What is coronary artery disease (CAD)?

Coronary artery disease (CAD) is a condition whereby the blood vessels supplying the heart, known as the coronary arteries, become narrowed or blocked by the build-up of fatty plaques.

These fatty plaques prevent the delivery of oxygen and nutrients to the heart muscle, which can damage heart tissue. When blood flow to regions of heart tissue becomes temporarily reduced, this can cause chest pain – a condition known as angina.

Fatty plaques inside coronary arteries can also suddenly rupture and form a blood clot. This cuts off blood flow to a region of heart tissue, causing it to be starved of oxygen. This is what happens in a heart attack (myocardial infarction).

Coronary artery disease (CAD) greatly increases the risk of having a heart attack, and CAD (also known as coronary heart disease (CHD) or ischaemic heart disease (IHD)) is thought to be responsible for approximately 1 in 4 deaths in the USA each year.

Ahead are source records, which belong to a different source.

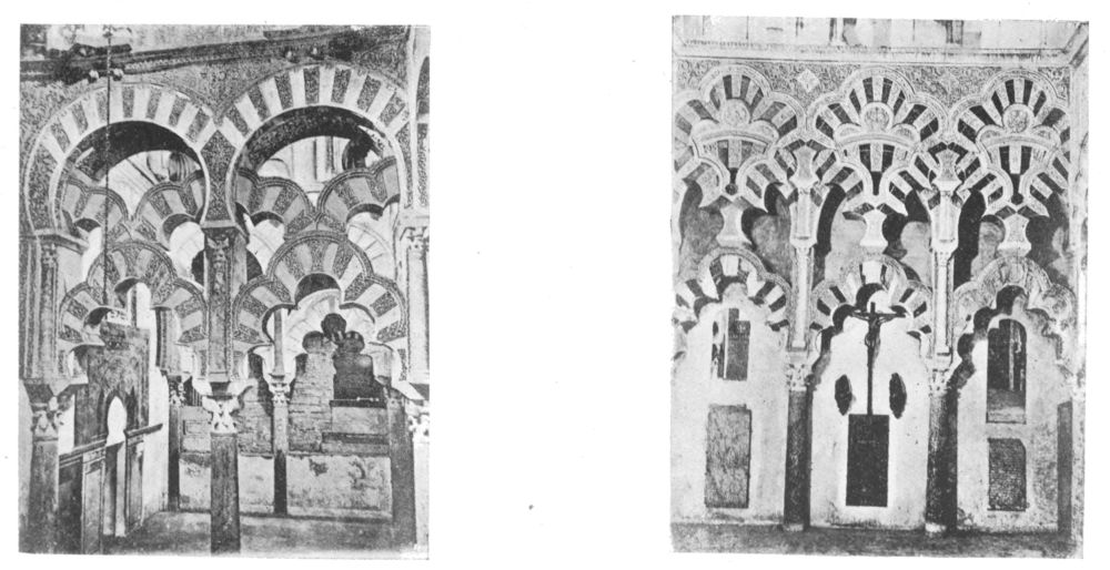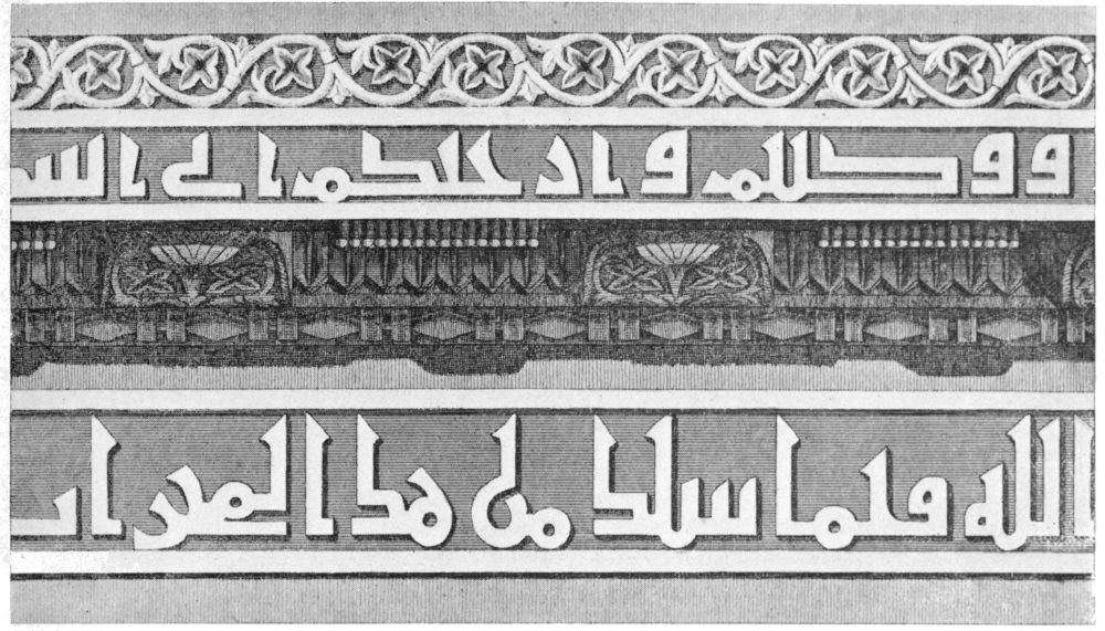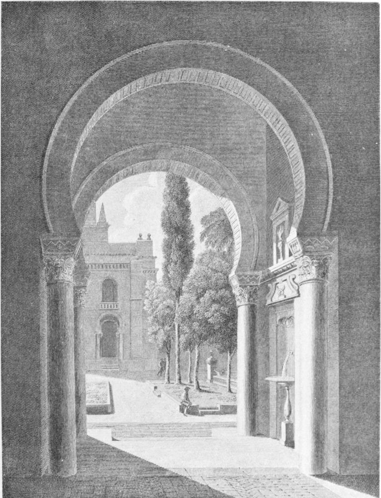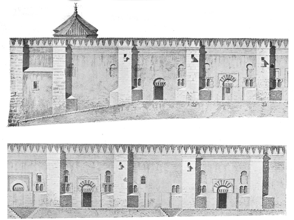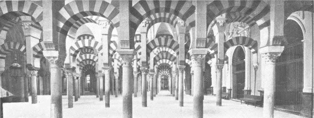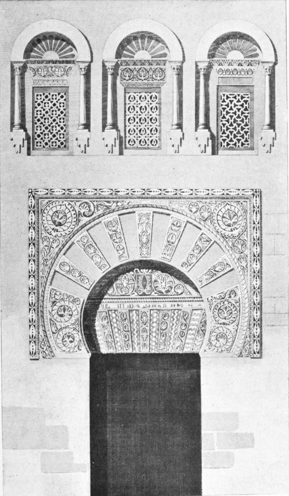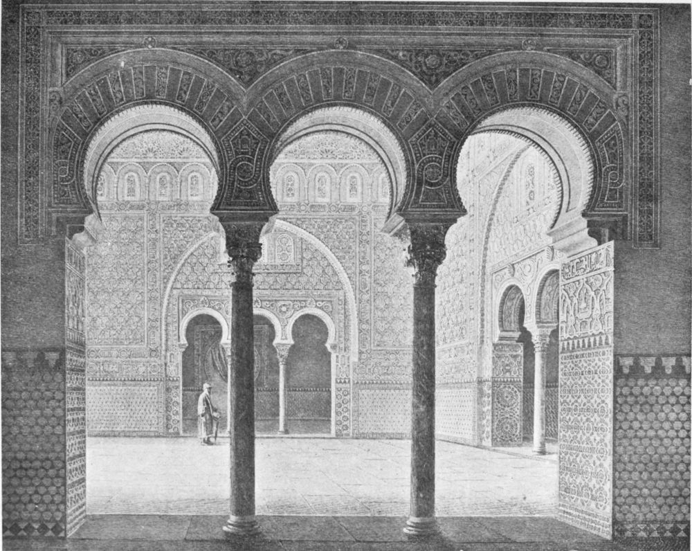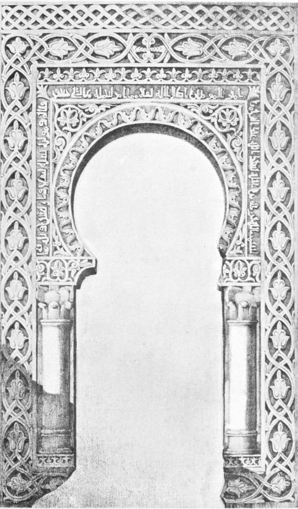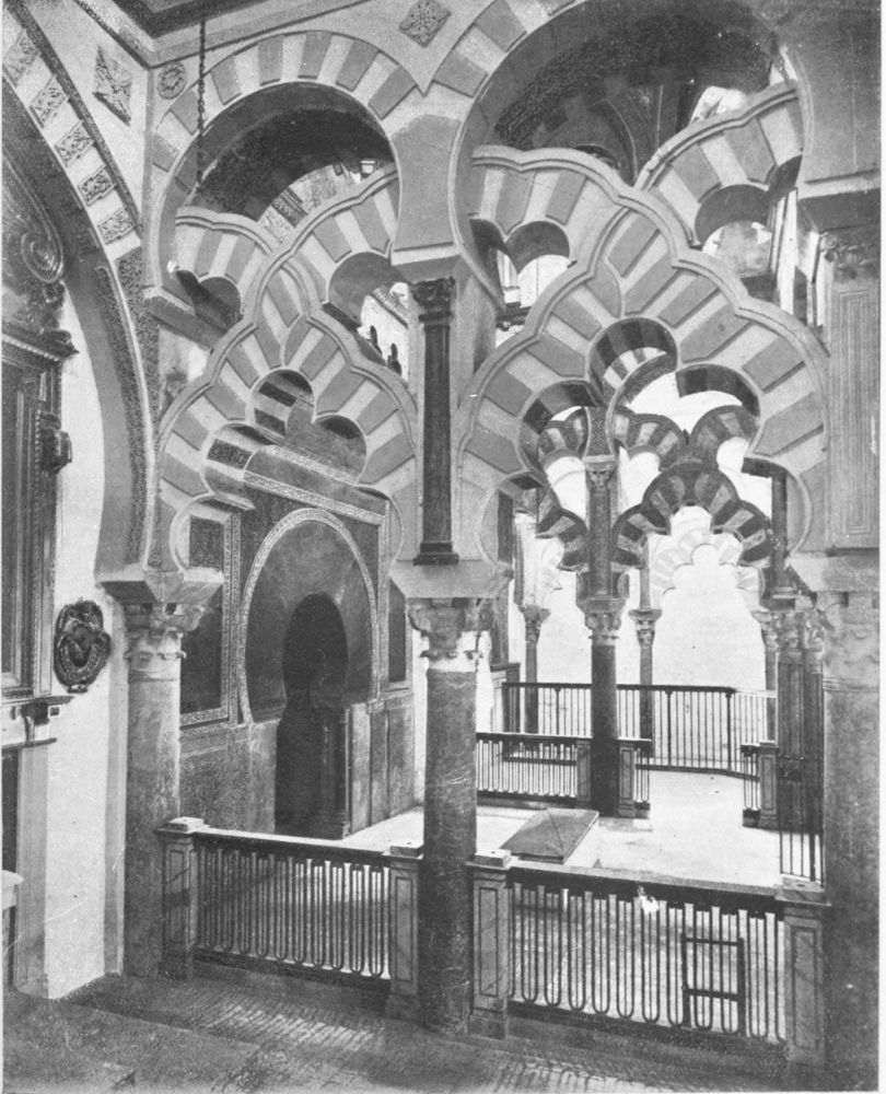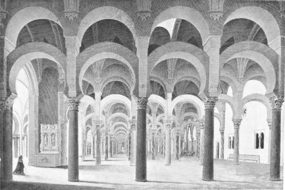 The great Aljama was completed in the year A.D. 793. The Emir Hisham took as great a personal interest in its progress as did his father, the walies of the provinces contributed to its decoration with the spoils from ancient monuments, the artificers with their genius, victors with their booty, the city with its workmen, the mountains of{54} Cordova and Cabra by yielding the treasures of their quarries, Africa with the trunks of its imperishable larch-pines, and Asia by inoculating the growing Arabic-Spanish art with its genius of ornament, its aspirations and its poetry.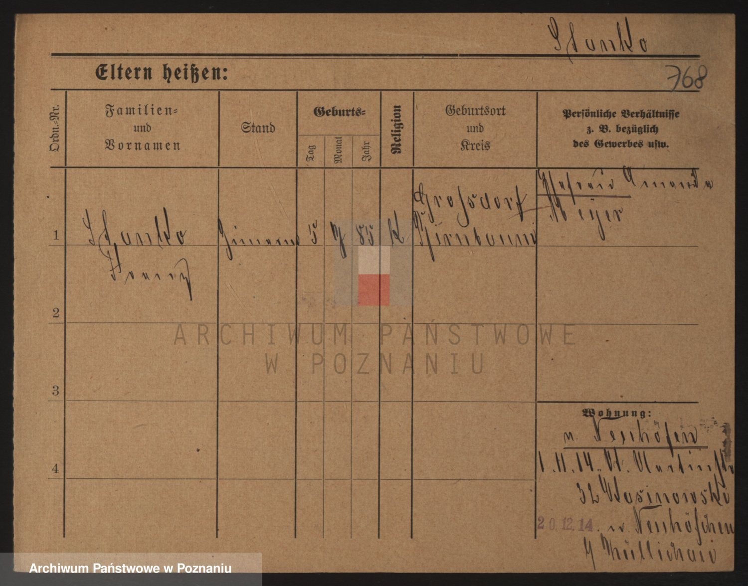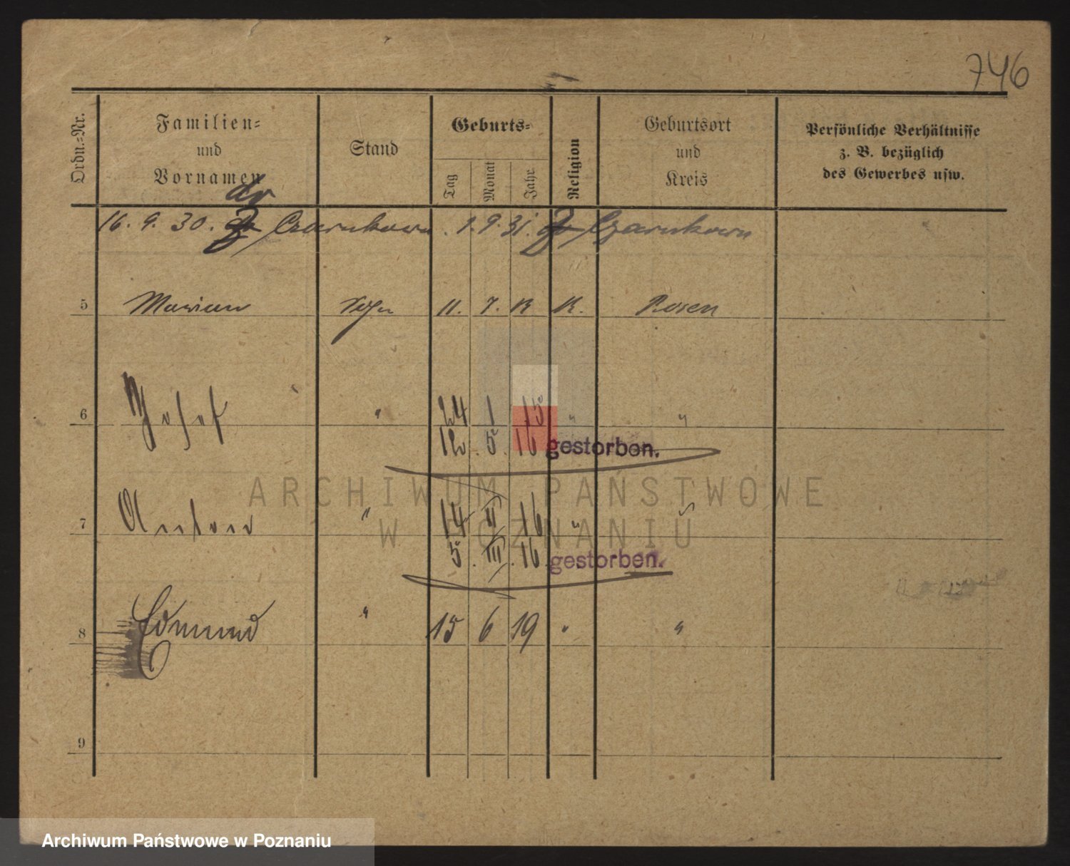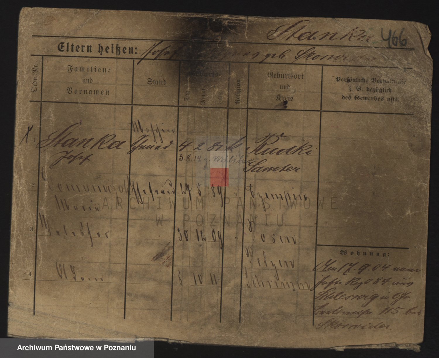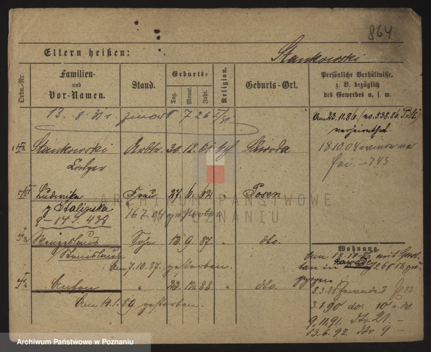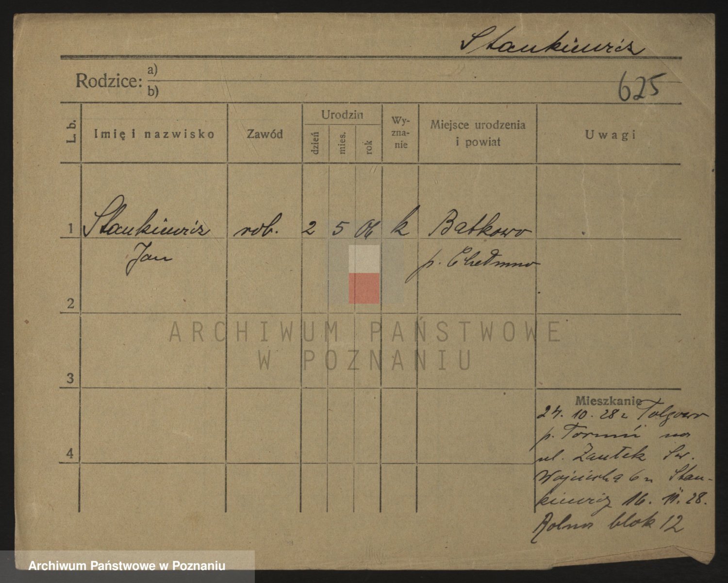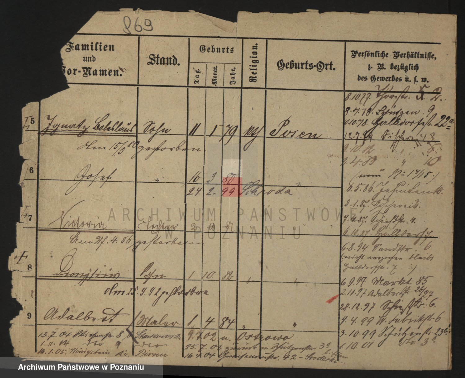 Podgląd karty osobowej dostępny jest po kliknięciu na nazwisko lub ikonkę karty. Można dokonywać powiększenia (ikony na górze) lub przechodzić między kolejnymi skanami (strzałki po bokach).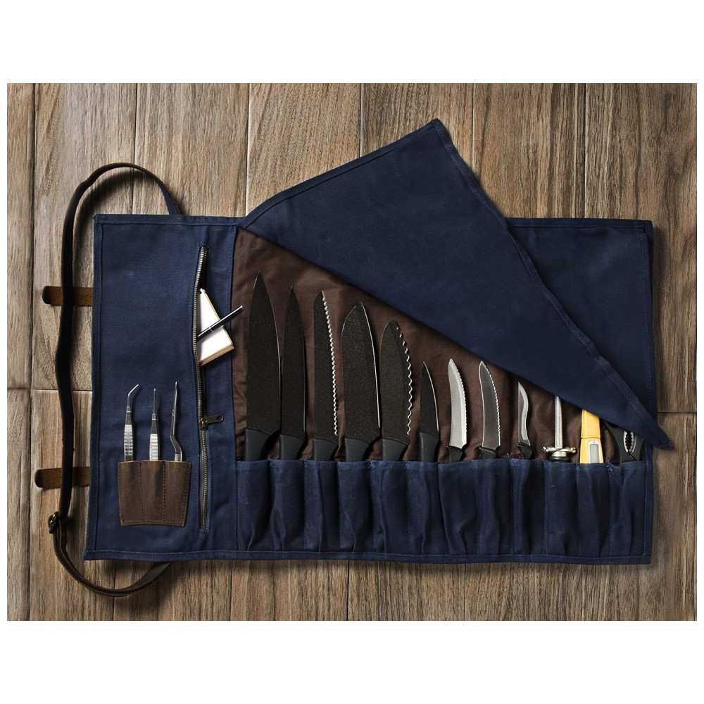Asaya Estojo Bolsa Portátil para Facas com 15 Slots Facas não Incluídas Azul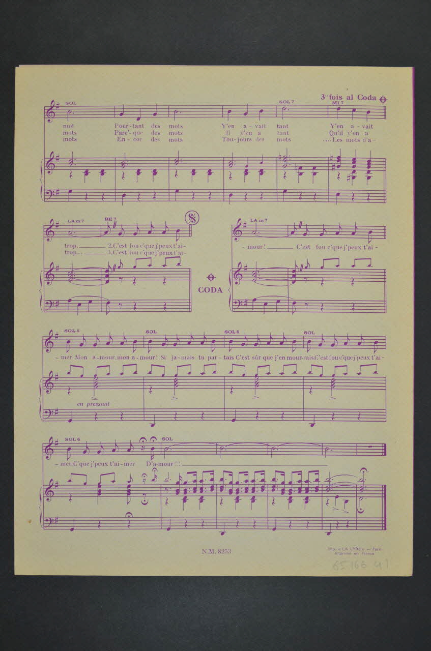 chanson, partition de musique, petit format, Les mots d'amour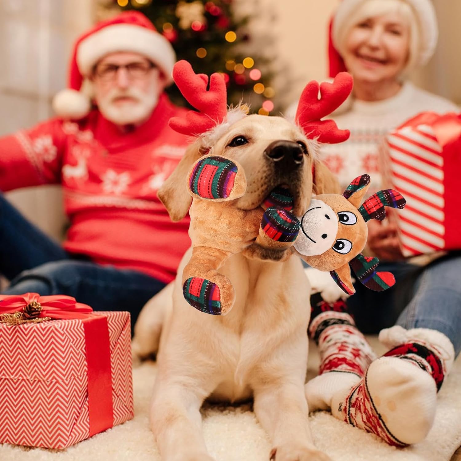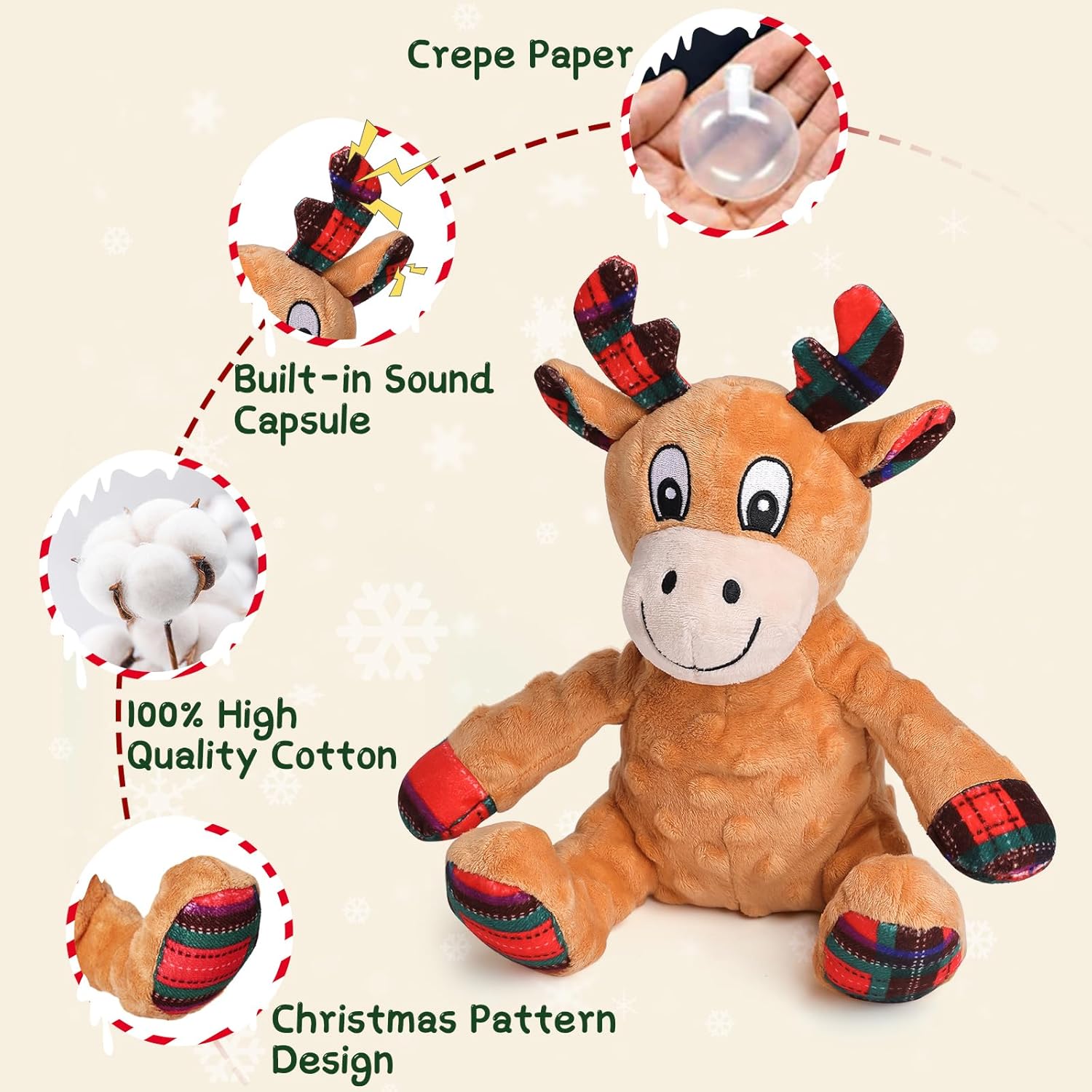 • Перфектен коледен подарък: тези пухкави играчки за кучета са специално проектирани за Коледа и съдържат елементи с лосове, които създават силна празнична атмосфера за Коледа и са перфектен избор за подарък за вашето куче.

Our lifestyle has a significant impact on our risk of CAD. Smoking, physical inactivity, alcohol use, and unhealthy diets that cause high blood levels of sugar (glucose) and lipids (fat and cholesterol), are all known to increase the risk of developing CAD.

By contrast, exercise, a healthy diet, giving up smoking, and reducing blood sugar and lipid levels can all help to prevent CAD.

KEY POINTS

  • Coronary artery disease (CAD) is a condition in which fatty plaques build up in the arteries supplying the heart.
  • This restricts blood flow to the heart tissue and increases the risk of having a heart attack.

What causes coronary artery disease (CAD)?

The underlying process in coronary artery disease (CAD) is atherosclerosis:- the build-up of fatty, cholesterol-rich plaques (known as atheromas) in the walls of arteries. In CAD, atheroma specifically builds up in the coronary arteries that supply the heart.

Atherosclerosis in more detail

Cholesterol is a fat-like substance used to make cell membranes, hormones, and signalling molecules. It gets transported in the bloodstream in specialised particles known as lipoprotein particles.

In atherosclerosis, cholesterol in a particular type of lipoprotein particle (known as low-density lipoproteins (LDLs)) gets deposited into the lining of arteries, leading to the formation of fatty plaques. Cholesterol transported in these particles is known as LDL cholesterol.

The formation of a fatty plaque is a gradual process that takes several years, and occurs after initial damage to the inner lining of an artery (called the vascular endothelium). Many things can cause initial damage to your arterial lining, including physical injury from high blood pressure, toxins (e.g. such as those in cigarette smoke), and inflammation.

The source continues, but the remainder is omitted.